- **Aim of the exercise**
In the listing below, find the line with "васильками. Для красоты" and the line with "Свидетельство о браке 24.06.1941", then return them and every line between them exactly, minus the pictures.

- **Data shown**

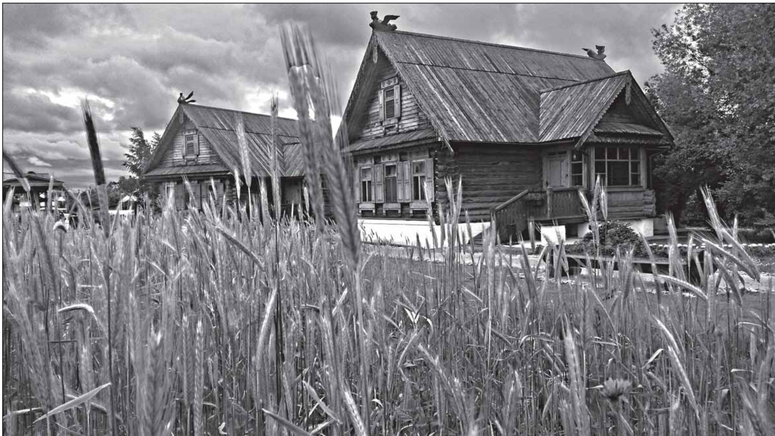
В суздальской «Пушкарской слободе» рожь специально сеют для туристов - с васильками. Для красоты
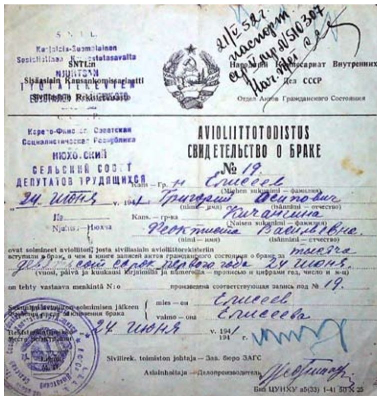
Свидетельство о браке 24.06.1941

---

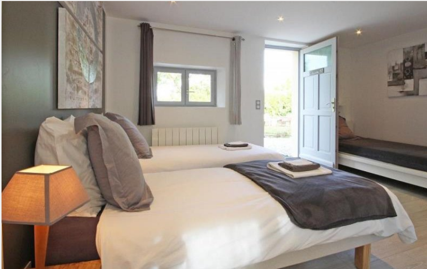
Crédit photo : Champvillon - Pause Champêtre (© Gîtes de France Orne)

- **Problem solution**
В суздальской «Пушкарской слободе» рожь специально сеют для туристов - с васильками. Для красоты
Свидетельство о браке 24.06.1941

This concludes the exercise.